# Your assignment
Word for word, print out all of the data, omitting every image.

# Data segment
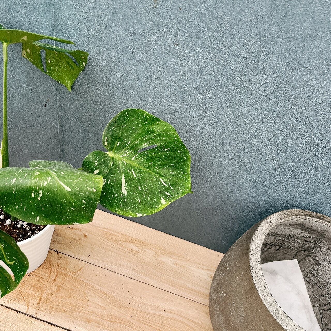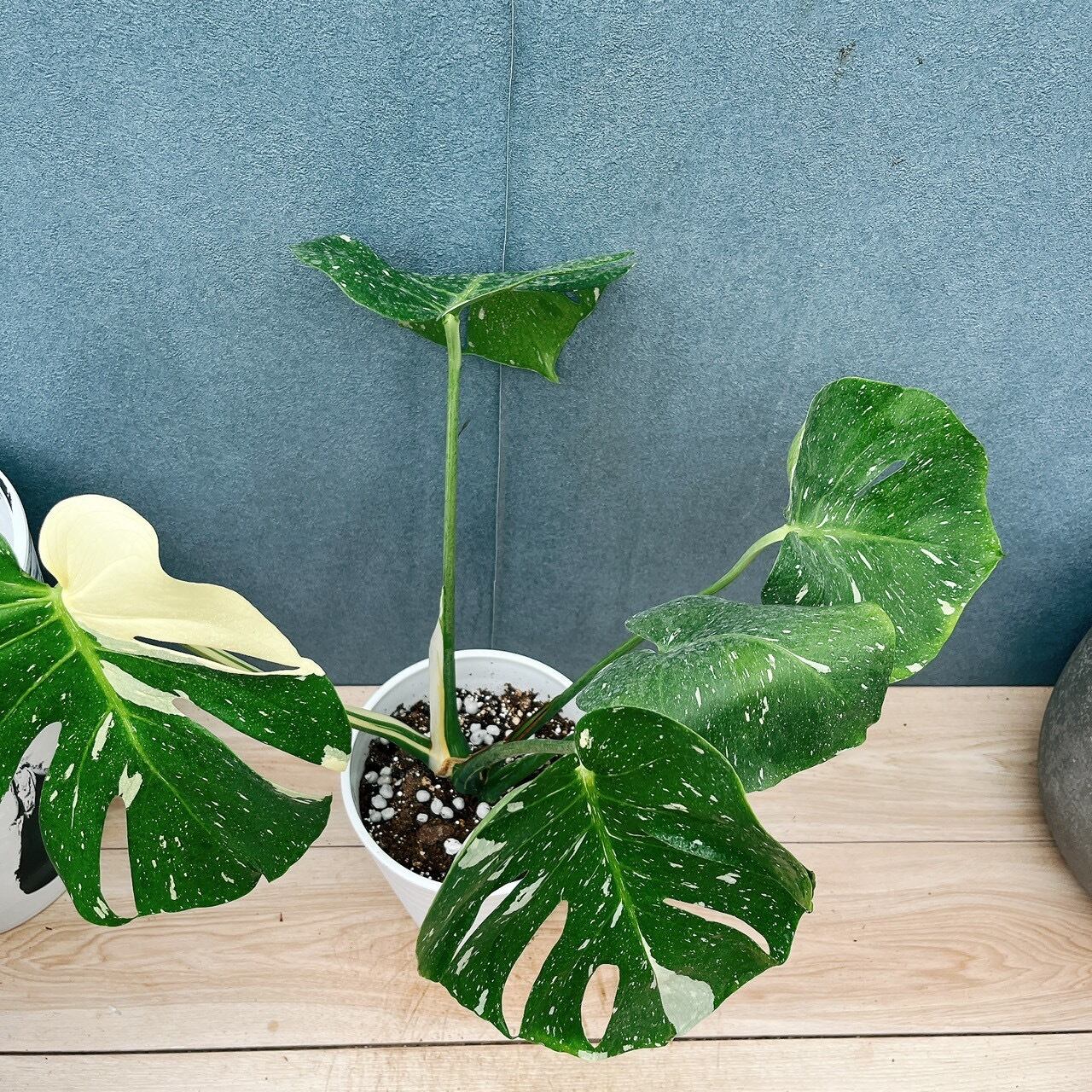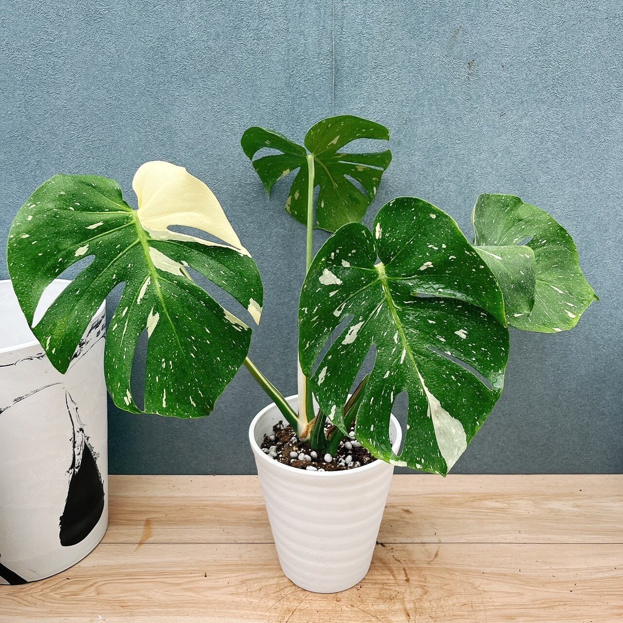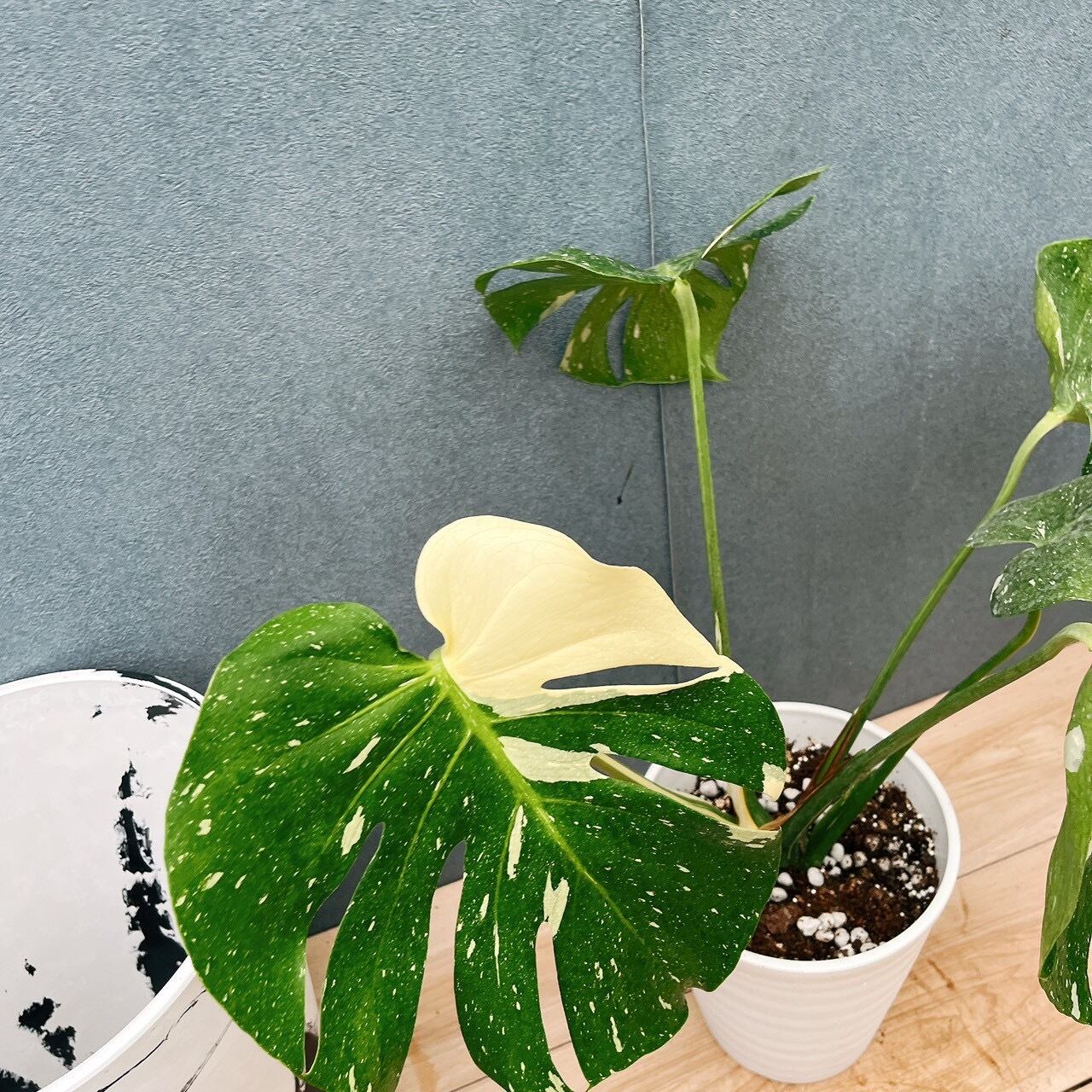斑入りの葉が魅力的な、モンステラデリシオーサ斑入りです☆斑は様々な斑が入り、葉の一枚一枚に個性が出るため、成長がとても楽しみになりますよ。
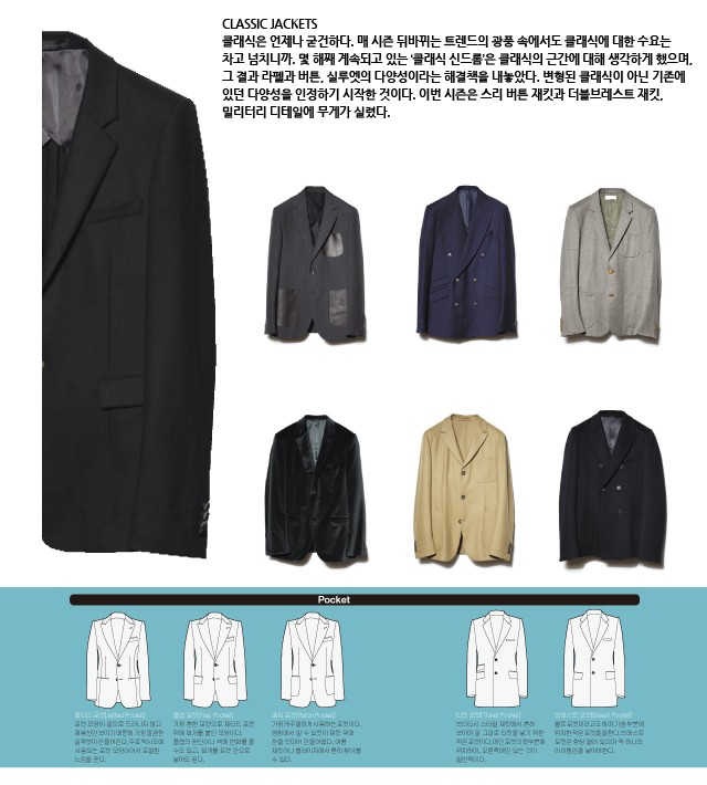 유선형으로 길게 뻗은 라펠과 은장 단추 등 곳곳의 디테일이 오리지널 미 해군의 유니폼을 연상시킨다. 밝은 감색 더블브레스트 재킷. 19만9천원.
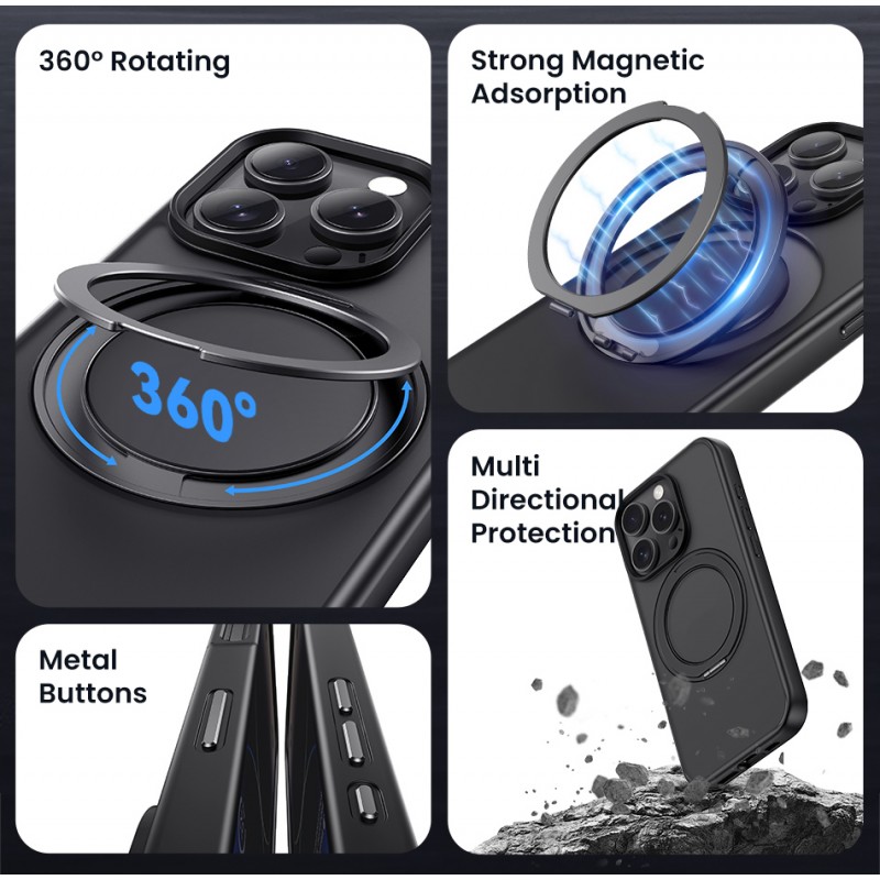 Διαθέτει δακτύλιο για χρήση ως σταντ και ενσωματώνει ισχυρό μαγνήτη που επιτρέπει την απόλυτη προσαρμογή του smartphone σας σε έναν MagSafe ασύρματο φορτιστή ή μια μαγνητική βάση.
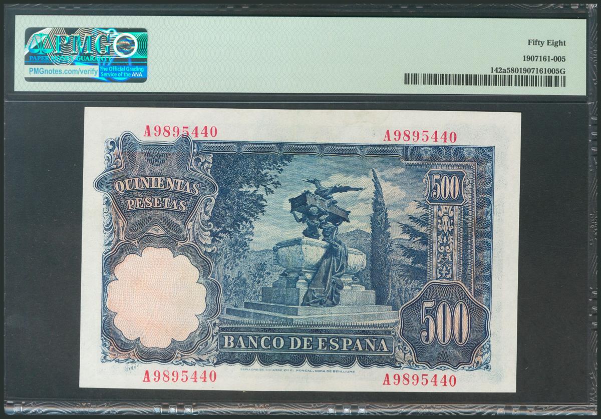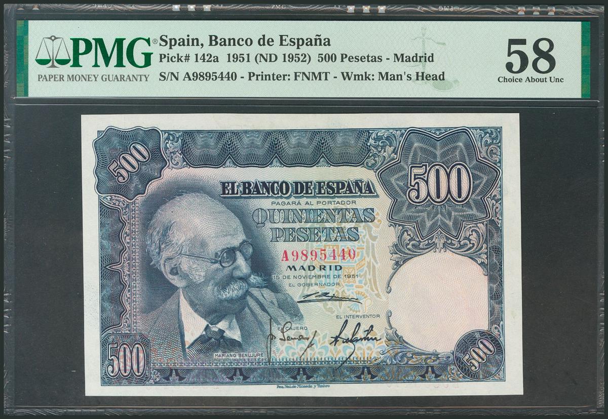 500 Pesetas. 15 de Noviembre de 1951. Serie B. (Edifil 2017: 460a). EBC+. Encapsulado PMG58.

# Answer to this exercise
斑入りの葉が魅力的な、モンステラデリシオーサ斑入りです☆斑は様々な斑が入り、葉の一枚一枚に個性が出るため、成長がとても楽しみになりますよ。
 유선형으로 길게 뻗은 라펠과 은장 단추 등 곳곳의 디테일이 오리지널 미 해군의 유니폼을 연상시킨다. 밝은 감색 더블브레스트 재킷. 19만9천원.
 Διαθέτει δακτύλιο για χρήση ως σταντ και ενσωματώνει ισχυρό μαγνήτη που επιτρέπει την απόλυτη προσαρμογή του smartphone σας σε έναν MagSafe ασύρματο φορτιστή ή μια μαγνητική βάση.
 500 Pesetas. 15 de Noviembre de 1951. Serie B. (Edifil 2017: 460a). EBC+. Encapsulado PMG58.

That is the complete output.